One Little Word: January 2014

One Little Word: Heroine
Background:
One Little Word is an annual project/workshop designed by the ever amazing Ali Edwards. The project asks you to bring a single word into your life, and use that word as a lens to experience your year. Here are a few words about One Little Word from Ali:
Having a single word to focus on each year has made a difference in my life.
In 2006 I began a tradition of choosing one word for myself each January – a word that I can focus on, mediate on, and reflect upon as I go about my daily life.
What do you do with this one little word?
You live with it. You invite it into you life. You let it speak to you. You might even follow where it leads. There are so many possibilities. Even though I've chosen a One Little Word for the past several years, this is the first year that I'm taking the official workshop and really putting this project at the forefront of my life.
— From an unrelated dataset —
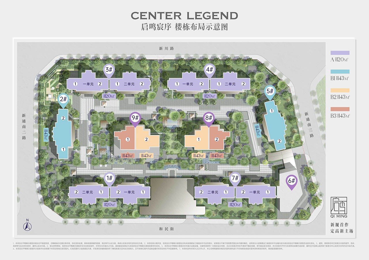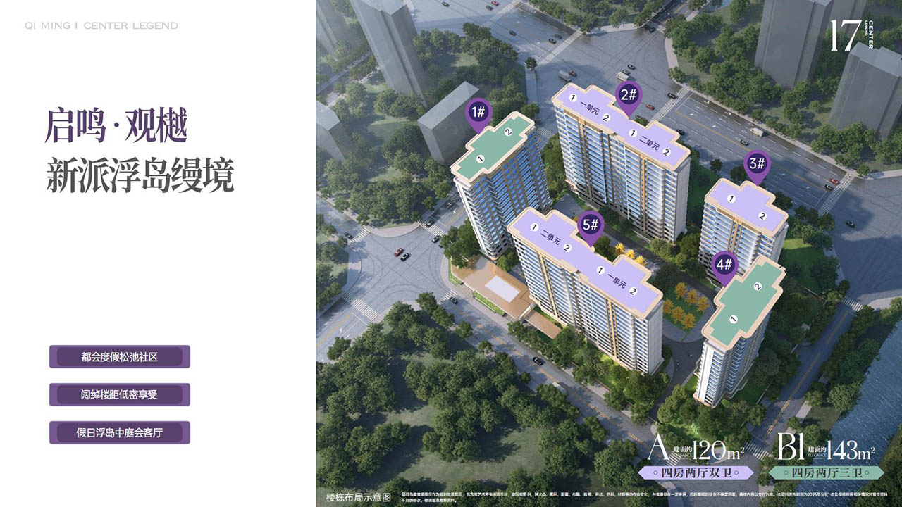 产品纯粹,只做了120㎡和143㎡两个面积段产品。启鸣双子均采用围合式设计,观樾打造围合式社区,南北楼栋整齐排布,楼间距拓展约94米,营造极致开阔的居住视野;宸序同样采用围合式布局,阵列+围合式排布,形成独特空间设计。

This year my One Little Word is Heroine.
Heroine fits the complexity that I was looking for. I wanted a multi-dimensional word that would fit where I wanted to go both personally and professionally -- a word that would fit what I was looking to achieve both interpersonally and introspectively -- a word that would remind me that the ultimate goal is always to just be the best version of myself.
Album Pages: January
For my One Little Word workshop pages, I'm keeping an 8.5x11 album and using various sized page protectors for the different prompts. I'm keeping my journaling as open and honest as possible and leaving it all out there. I mean -- what's the point of doing all the work, only to do it half-assed. One of my intentions for 2014 is to put all of myself into my obligations, and to let my passions flow through them, and this is exactly the type of project that truely thrives when passion is poured into it.




Thoughts This Month
This felt so good. It felt so super amazing to get all of this out onto paper.
While I was writing, I wasn't sure if I was going to share all the journaling -- it's a bit more brash than my usual candor, especially here on the blog. But then I said -- that's dumb. This project is for my personal growth, and this is me trying to be the best version of myself.
If people are going to judge me (or anyone else) for my honest attempts to live my life the best way I know how, then screw them. Those people immediately fall into the category of 'people never worth paying attention to'.
One of the biggest changes I am trying to make is spending more time actively being the person that I want to be, and less time being the person that I think others expect me to be.
As such, just participating and sharing my progress in this workshop is a part of being successful in my One Little Word journey thusfar.